Но в вашем случае такая резкая смена климата – из сырого Санкт-Петербурга – в знойный Чадан. Не опасались, что для вашей девятимесячной Киры это будет сложным испытанием?
– А ей не привыкать. Когда Кире два месяца было, она в Приэльбрусье вместе с нами поднялась на подъемнике до станции «Мир» на высоту в три с половиной тысячи метров. Правда всё это время проспала.
Кира ведь не в Питере родилась, а в Нальчике.
– Как же вы в столице Кабардино-Балкарии оказались?
– Командировка. Работаю сейчас в фирме, которая занимается современным оборудованием театров, филармоний, концертных комплексов с высокой степенью защиты: электрика, механика, звук, постановочное, дежурное освещение, служебная связь.
В Нальчик меня из Северодвинска перевели, и был этому очень рад, потому что Северодвинск – ужасный город для беременной женщины, там очень не очень с экологией.
– Наташа тоже вместе с вами в этой фирме работает?
– Нет, она просто со мной ездит. Я всегда вожу семью с собой. Была пара коротких командировок, в которых один был, но во все поездки длиннее трех недель стараюсь их брать. Ребенок быстро растет очень и не хочется эти моменты пропускать.
Мне сказали, что работа в музыкальном театре в Нальчике – на пару месяцев, оказалось – на полгода. Там, в Нальчике, мы и расписались. Там и Кира 8 октября 2014 года родилась.
Нам сильно помогла с документами начальница ЗАГСа, она без проблем всё выписала. Ее фамилия – Шериева – у нас в свидетельстве о браке стоит.
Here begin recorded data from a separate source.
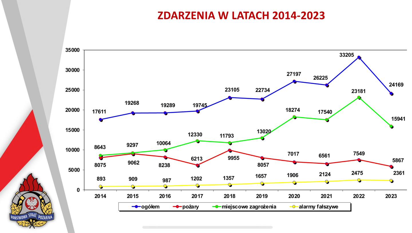 W 2023 roku na terenie województwa zachodniopomorskiego doszło do 24 169 zdarzeń, co stanowi spadek do roku poprzedniego o 27,21%, w tym 5 876 pożarów, 15 941 miejscowych zagrożeń oraz 2 361 alarmów fałszywych.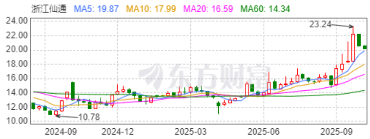 二级市场上,浙江仙通表现颇为亮眼,一度触及23.24元/股高点,距离一年前10.78元/股的低点,已经成功翻倍。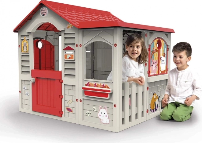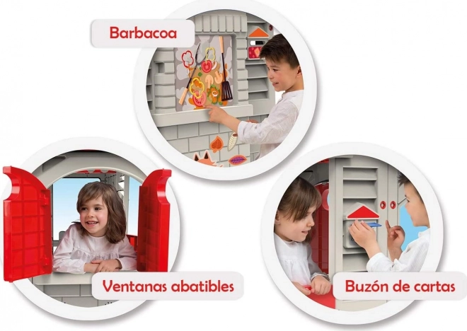 Promyšlené detaily včetně poštovní schránky, zadního "grilu" a průchodu pro domácí mazlíčky dělají z domečku atraktivní herní prostor. Snadná montáž a stabilní konstrukce zaručují bezstarostné používání a dlouhou životnost.

Такая большая красивая женщина с рубинами в ушах и на пальцах. И кабинет – большой, богатый, как и должно быть в ЗАГСах.
На стене – картина: женщина в национальном костюме, очень на нее похожая. Спросил: «Это вы?» Оказалось – нет, это ее мать-кабардинка. Рассказала, что памятник «Мария» в честь присоединения Кабардино-Балкарии к России как раз с ее матери делали. Этот памятник в центре Нальчика стоит как раз напротив театра, который мы переоборудовали. Мы с Наташей очень прониклись.
Роды с ножом-финкой
– И как в Нальчике с медицинским обслуживанием рожениц?
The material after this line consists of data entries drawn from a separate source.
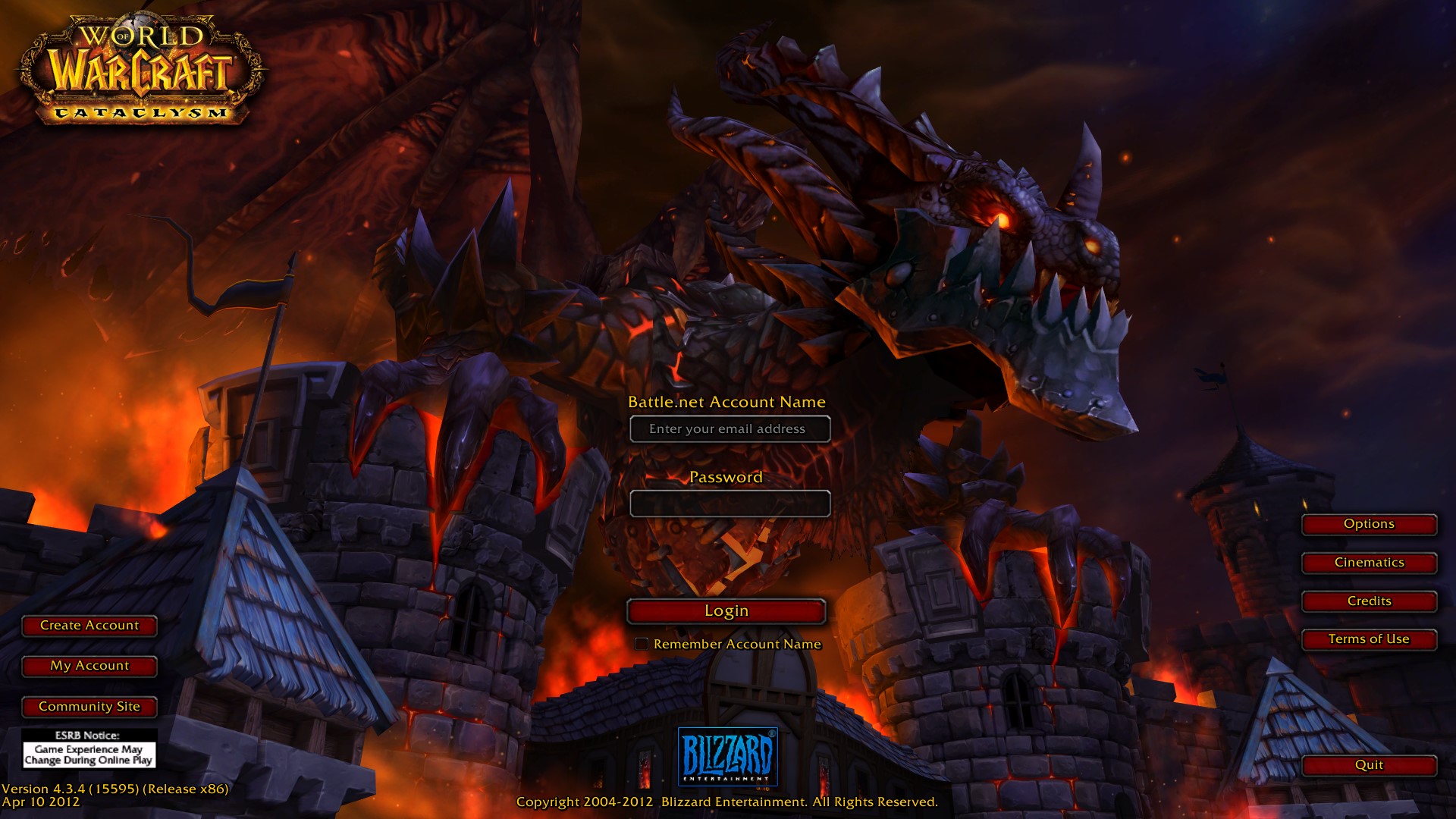 - ^ Login Screen Cataclysm still-image.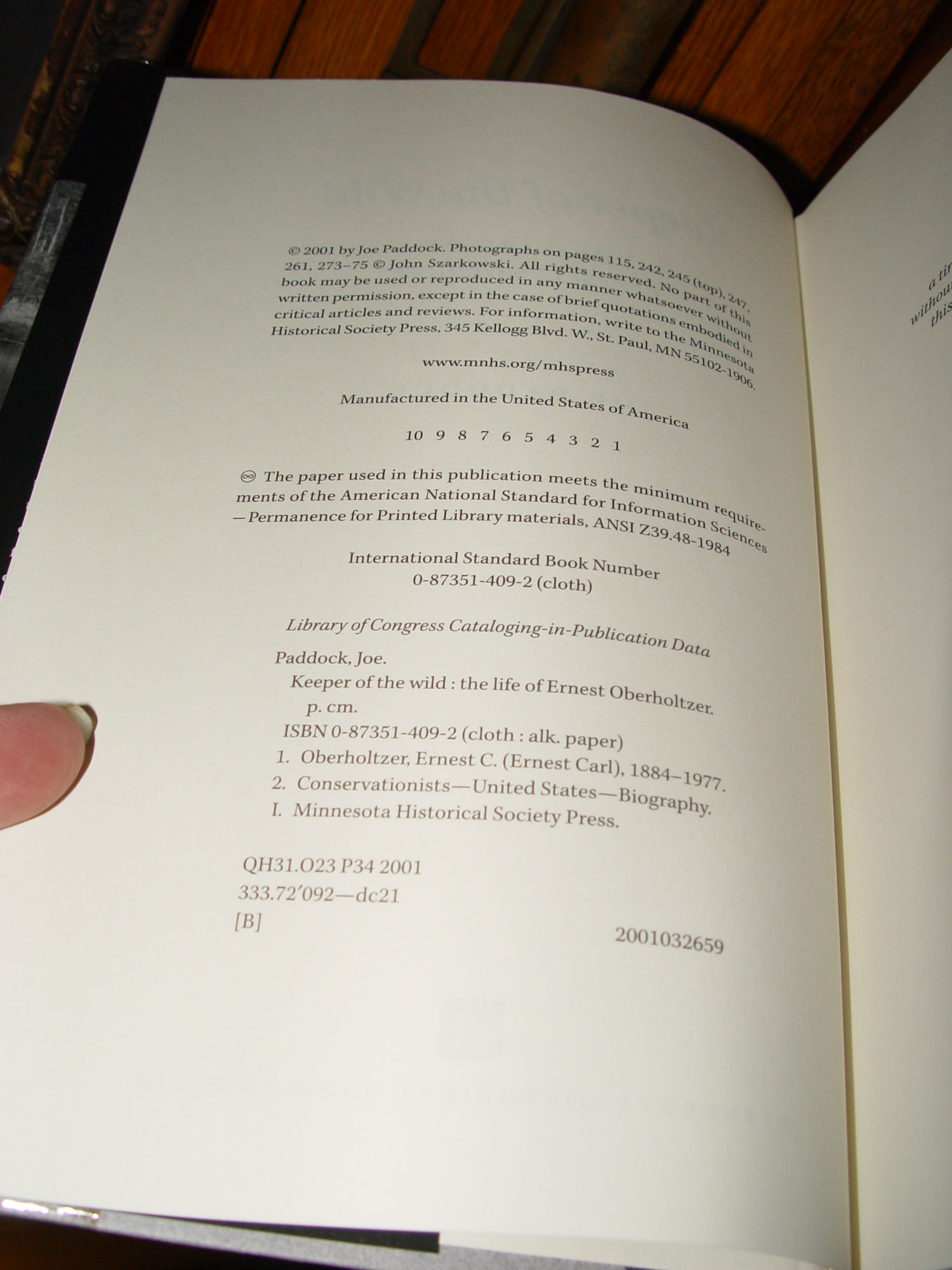 Keeper of the Wild: The Life of Ernest Oberholtzer 2001 by Joe Paddock |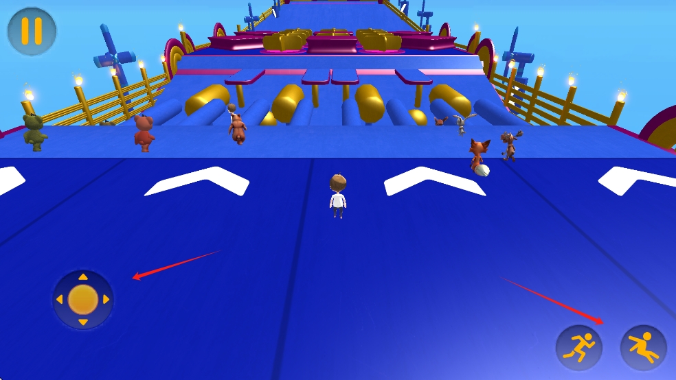 1、操控左側(cè)虛擬搖桿移動(dòng)角色,點(diǎn)擊右側(cè)奔跑按鈕加速,開局快速搶占位置,留意前方對(duì)手與場(chǎng)景障礙。
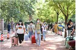 学校严格落实“健康码出示+体温检测+手部及行李消毒+相关材料审核+校园卡刷卡”的入校制度,全体学工干部、学生志愿者等组织返校学生佩戴口罩、有序排队、保持安全间隔距离,依次入校。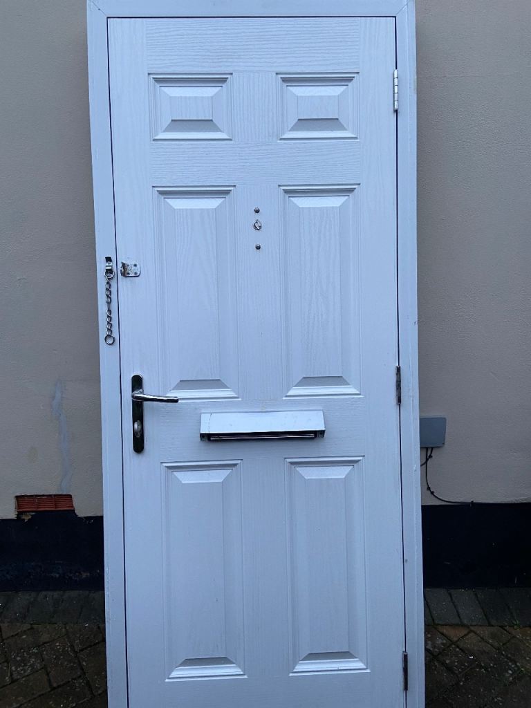 Blue composite front door ,outer frame size 885x2065mm. Full working order ,supplied with key .outer frame has previous install marks .Door slab is in fair condition .

– Не знаю, не пробовали. Мы родили сами, спокойно – дома, в квартире, которую снимали. Чем повергли в шок местную медицинскую общественность.
– Не успели в роддом?
– И не собирались даже.
– Так эта сумасшедшая идея была продуманной?
– Да. Даже не скажу, кто из нас больше на этом настаивал, я или Наташа. У нас есть друзья, которые в этом плане примером явились. Живут на Кавказе, в Карачаево-Черкессии. У них двое детей, и обоих они рожали в диких условиях. А мы-то хоть в квартире.
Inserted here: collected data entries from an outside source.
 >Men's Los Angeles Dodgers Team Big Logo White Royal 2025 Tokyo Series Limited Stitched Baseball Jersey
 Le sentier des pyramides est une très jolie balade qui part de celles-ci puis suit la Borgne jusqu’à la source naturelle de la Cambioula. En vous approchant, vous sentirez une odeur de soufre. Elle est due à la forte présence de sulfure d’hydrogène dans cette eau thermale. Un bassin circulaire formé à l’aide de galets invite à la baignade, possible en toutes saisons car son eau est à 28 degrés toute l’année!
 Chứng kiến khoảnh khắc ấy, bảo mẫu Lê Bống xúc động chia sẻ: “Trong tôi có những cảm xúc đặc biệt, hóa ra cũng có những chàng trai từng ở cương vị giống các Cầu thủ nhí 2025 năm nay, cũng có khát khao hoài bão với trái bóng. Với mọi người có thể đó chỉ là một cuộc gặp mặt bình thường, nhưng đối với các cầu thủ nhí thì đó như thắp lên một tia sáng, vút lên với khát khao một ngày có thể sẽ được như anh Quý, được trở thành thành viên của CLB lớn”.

И почему сумасшедшая идея? Это называется естественное рождение. И мы к нему готовились: слушали лекции Михаила Фомина, духовного акушера с большим образованием и опытом. Он говорит, что сегодня врачи стали просто менеджерами медицинских услуг, а из беременности, которая всегда была прекрасным состоянием женщины, сделали болезнь, которую непременно надо переносить в больнице.
Ни в коем случае не хочу никого агитировать, это личный выбор каждого, но я с ним согласен. Роды – это интимный процесс, а что в роддоме? Родных рядом нет, какая-то лампа в тебя светит, кругом чужие люди, которым надо домой успеть. Плюс еще и ребенка куда-то уносят, заворачивают в их якобы стерильные вещи, в которых стафилококк живет. Зачем это нужно? Рожденный естественно – гораздо здоровее и спокойней, чем тот, кто в роддоме на свет появился.
Конечно, какие-то осложнения в процессе беременности могут возникнуть, но у нас всё было в порядке. Наташа все-таки пару раз ходила в женскую консультацию, два УЗИ сделали. Хотя польза УЗИ до сих пор никем не доказана. Говорят, что оно безвредно, но ведь это достаточно жесткая звуковая частота, которую ребенок все-таки воспринимает: начинает дергаться. Так что не факт, что полезно.
На втором УЗИ точно пол ребенка определить не смогли, было предположение, что девочка, но так как больше мы его не делали, то до последнего момента не были уверены.
– И как вы к этим естественным родам готовились?
– Как можно больше времени проводили вместе, это очень важно. А самое главное – абсолютное спокойствие. Все осложнения, которые могут быть, идут от нервов.
Еще – чистые пеленки и чистая ванна. Хотя мы сначала не собирались в ванне рожать, но получилось, что родили в ней.
И проспиртованный нож. Он и сейчас у нас собой. У нас два таких ножа: мой – побольше, Наташин – поменьше. Ножи-финки шведского производства из высокопрочной углеродистой стали.
Наташин нож я хорошо заточил, обернул чистой тканью и проложил проспиртованными салфетками. Он просто ждал своего момента.
– Когда этот момент схваток наступает, папы обычно начинают ужасно паниковать.
– А я засыпал. Честно говоря, до последнего момента думал, что это тренировочные схватки, и почти не волновался. С десяти вечера до восьми утра мы рожали. Сидел с телефоном и по приложению таймера и отмечал промежутки времени между схватками. Наташа практически не кричала, только уже в самом конце, и я бы не сказал, что это были крики.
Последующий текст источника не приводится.